Reporter: Dina Mirayanti Hutauruk | Editor: Yudho Winarto
Penerapan pajak non final memang akan menguntungkan perusahaan yang mengalami kerugian karena yang dipungut pajak hanya perusahaan yang untung. Sedangkan jika menggunakan PPh final, baik untung maupun rugi, semua perusahaan dikenakan pajak.
PP Properti lebih memilih penarikan pajak berdasarkan basis pajak final dimana setiap penjualan akan dikenakan PPh 2,5% karena administrasinya lebih sederhana.
Olivia Surodjo, Direktur Keuangan PT Metropolitan Land Tbk (MTLA) juga menilai dengan pajak final yang berlaku saat ini justru akan lebih memudahkan petugas pajak.

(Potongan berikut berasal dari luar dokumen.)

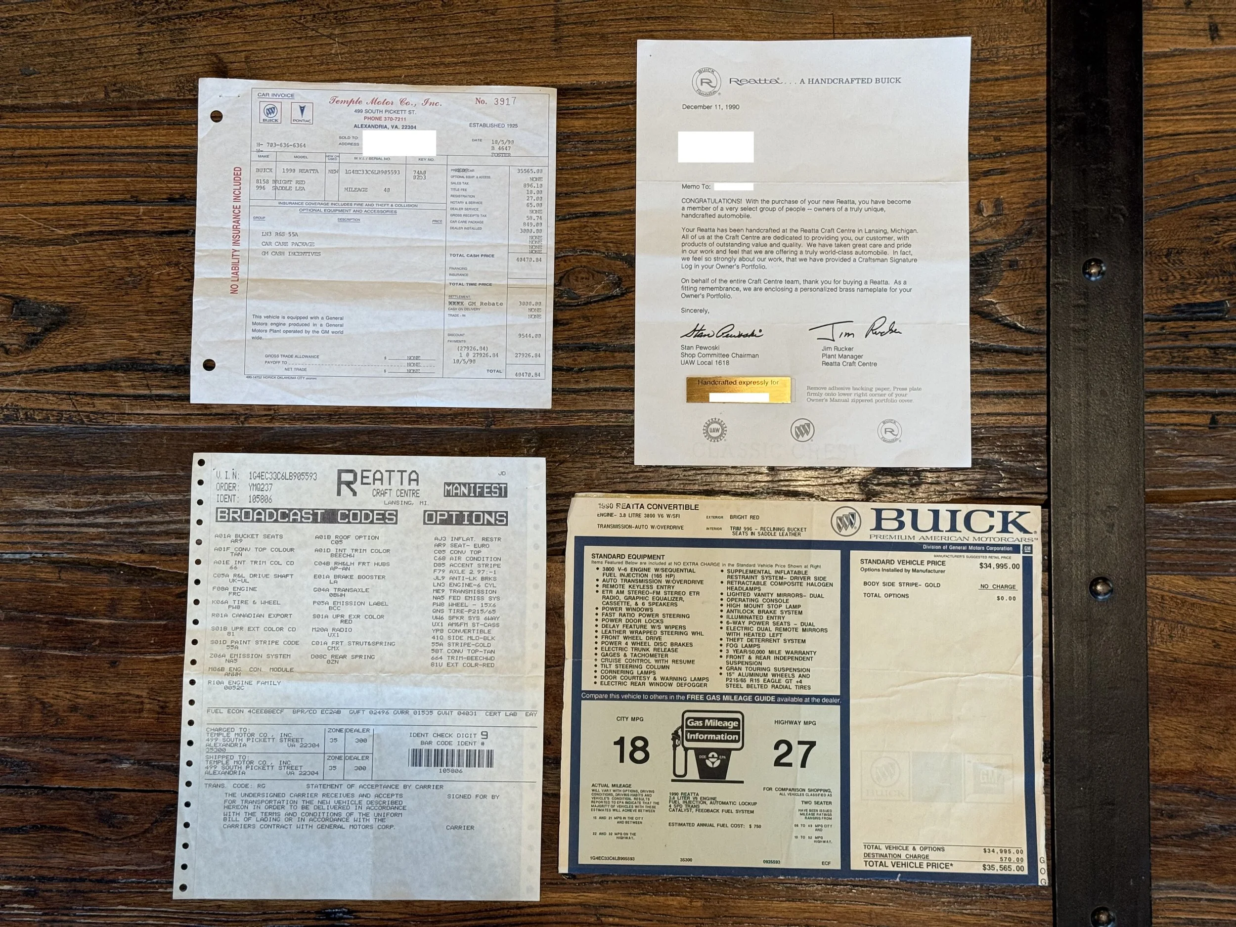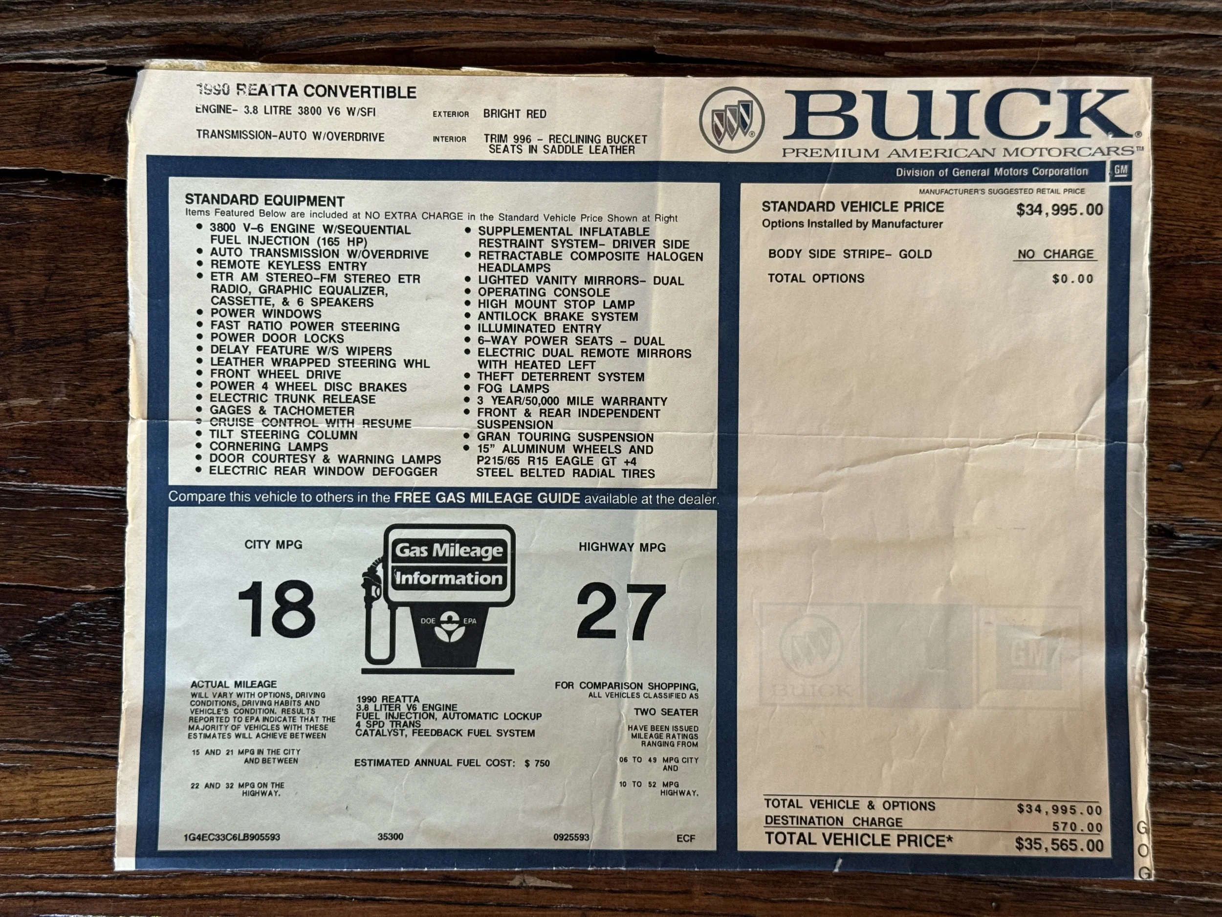 - Original Window Sticker and documentation
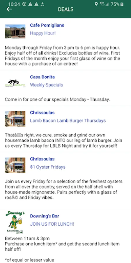 Visiting Libertyville? This is the official MainStreet Libertyville guide for instant access to everything you need to ensure a memorable visit. Get up-to-date details on events and businesses plus special offers and promotions. Search for restaurants, shops, services, military savings, parking, deals & more. Save your favorite places for quick access to the places and events you love!
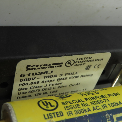 - Includes (3) Bussmann Low-Peak LPJ-100SP 100A dual-element time-delay fuses
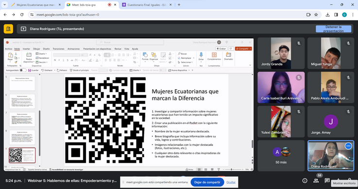 Webinars interactivos acerca de igualdad de género, empoderamiento y prevención de la violencia. Enfoque constructivista, uso de metodologías activas y herramientas digitales que permiten la participación activa de los estudiantes.

Sementara dampaknya bagi pengembang akan tergantung pada rate pajak yang akan dikenakan. "Kalau dengan tax rate yang sekarang malah negatif ke kita kalau diubah ke non final." ujarnya.
Sementara Theresia Rustandi, Sekretaris Perusahaan PT Intiland Development Tbk (DILD) mengatakan akan mengikuti setiap kebijakan yang dibuat pemerintah. Menurutnya kebijakan yang akan diputuskan pasti sudah melalui kajian mendalam.
Seperti diketahui, Kementerian Keuangan akan melakukan revisi Undang-Undang PPh yakni mengubah tarif pajak penghasilan (PPh) dan mengubah basis penghitungan pajak. Pertama, diusulkan adanya penurunan tarif PPh Badan. Badan Kebijakan Fiskal (BKF) Kemkeu melihat, PPh badan bisa turun sebesar 2% atau kurang.
Kedua, Direktorat Jenderal (Ditjen) Pajak mengusulan penghapusan penghitungan PPh final untuk beberapa sektor industri di antara konstruksi dan properti. Pajak mengusulkan hitungan pajak berbasis pembukuan, tak lagi pajak final seperti yang berlaku saat ini.